The whole listing, except its pictures, is to be repeated exactly.
### Recorded data
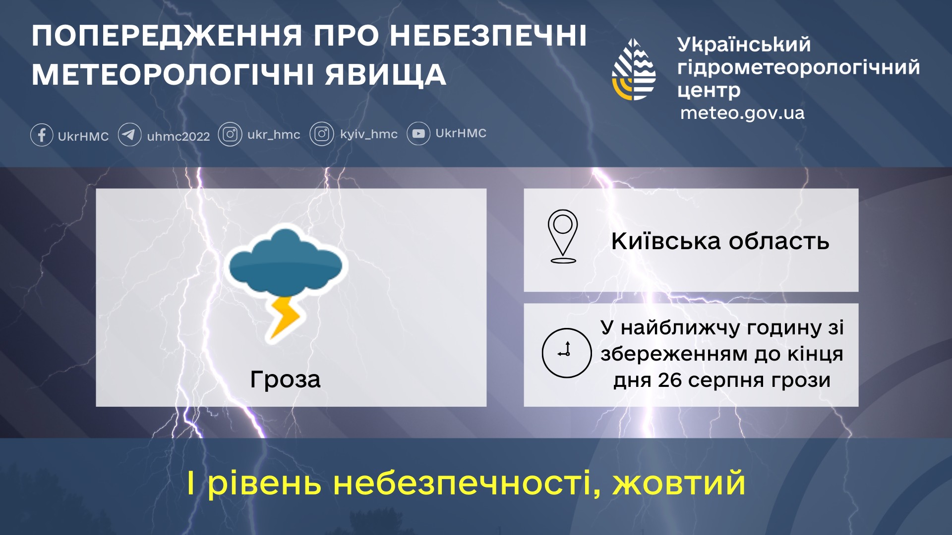 Згідно з повідомленням, у найближчу годину зі збереженням до кінця дня 26 серпня на території Київщини очікуються грози.
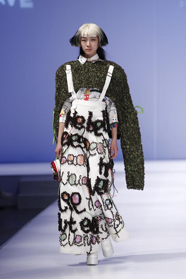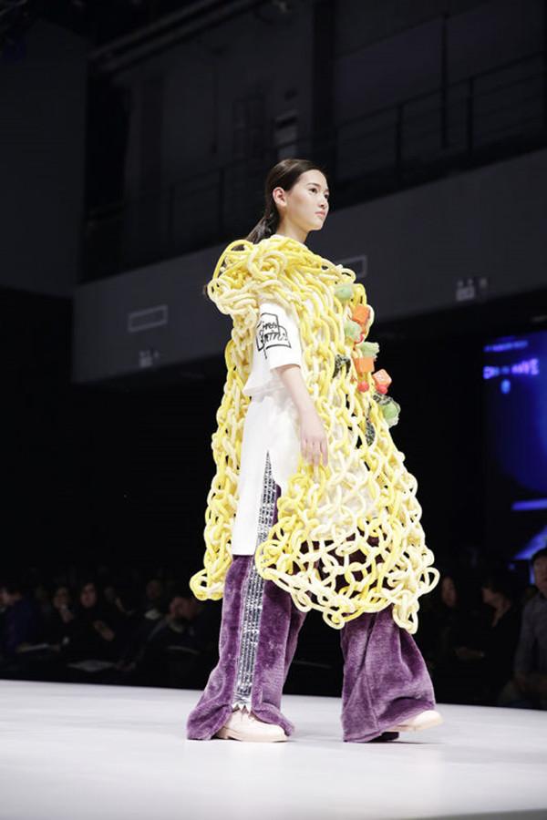 时尚创意组毕业设计作为本届北服时装周的开幕秀于3 月15 日下午3 点率先登场,这场极尽创意风格的女装大秀备受瞩目,可谓是热力爆棚、一票难求,现场评委由院校教师、跨界艺术家,时尚媒体人士共同组成,169 套作品可谓是充分而极致地传达了北服女装设计的前卫意识和实验态度,整体水准非常高,反响极为热烈。创意组的学生设计师大都希望毕业后做独立设计师品牌,或是申请国外著名的时装院校继续深造,他们主张个人设计概念的呈现,更倾向于将自己的生活经历、设计思考和文化态度放到作品中。而导师在指导也持开放姿态,不拘风格积极鼓励他们进行各种实验性材料、造型和色彩的尝试。这是未来将站在创意产业“浪尖”上 的一批人,也将是推动时装产业可持续发展的新生力量。
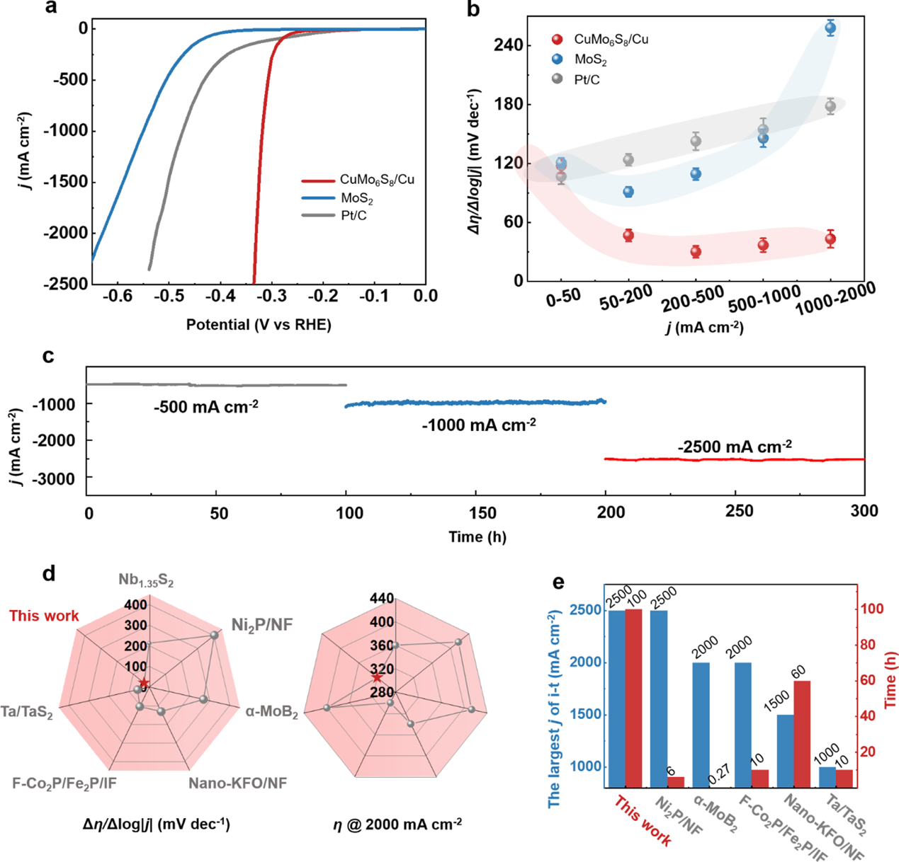 图2.大电流密度下Cu-CuMo6S8电极的析氢性能
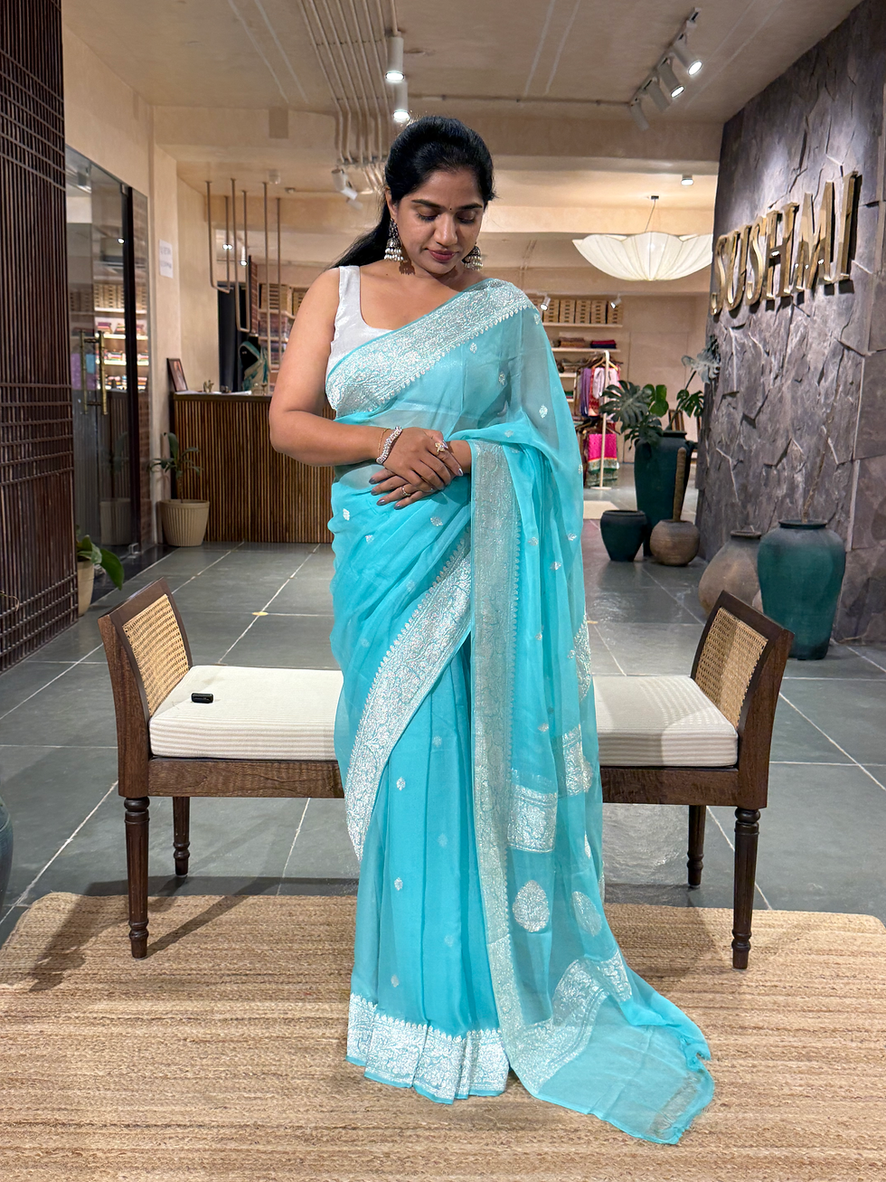 Sky Blue Banarasi Handloom Khaddi Chiffon Saree with silver
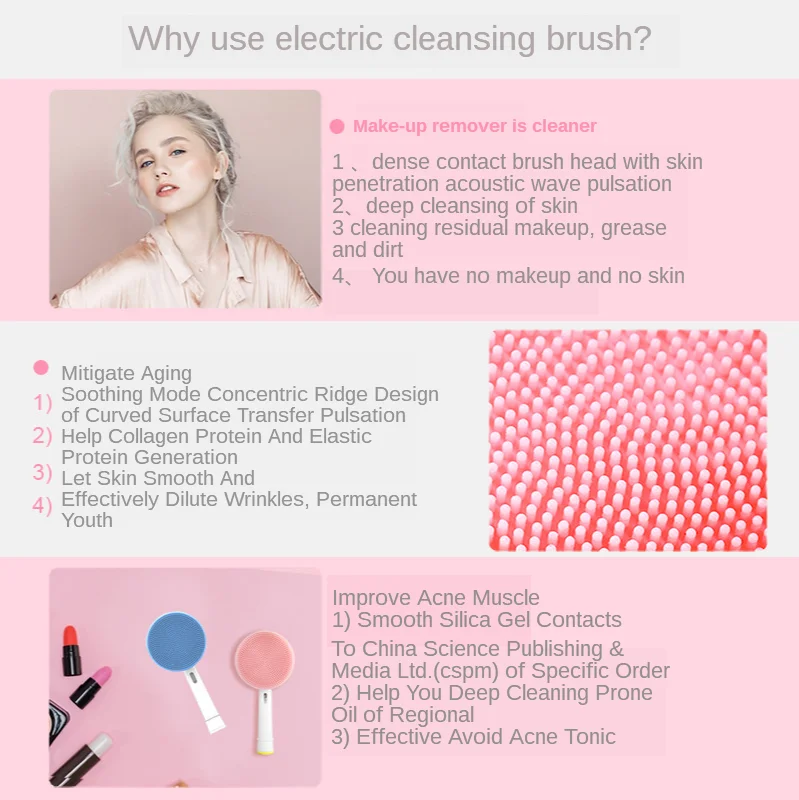 Силиконовая щетка для чистки лица, совместима с электрической зубно...
######
• The answer:
 Згідно з повідомленням, у найближчу годину зі збереженням до кінця дня 26 серпня на території Київщини очікуються грози.
 时尚创意组毕业设计作为本届北服时装周的开幕秀于3 月15 日下午3 点率先登场,这场极尽创意风格的女装大秀备受瞩目,可谓是热力爆棚、一票难求,现场评委由院校教师、跨界艺术家,时尚媒体人士共同组成,169 套作品可谓是充分而极致地传达了北服女装设计的前卫意识和实验态度,整体水准非常高,反响极为热烈。创意组的学生设计师大都希望毕业后做独立设计师品牌,或是申请国外著名的时装院校继续深造,他们主张个人设计概念的呈现,更倾向于将自己的生活经历、设计思考和文化态度放到作品中。而导师在指导也持开放姿态,不拘风格积极鼓励他们进行各种实验性材料、造型和色彩的尝试。这是未来将站在创意产业“浪尖”上 的一批人,也将是推动时装产业可持续发展的新生力量。
 图2.大电流密度下Cu-CuMo6S8电极的析氢性能
 Sky Blue Banarasi Handloom Khaddi Chiffon Saree with silver
 Силиконовая щетка для чистки лица, совместима с электрической зубно...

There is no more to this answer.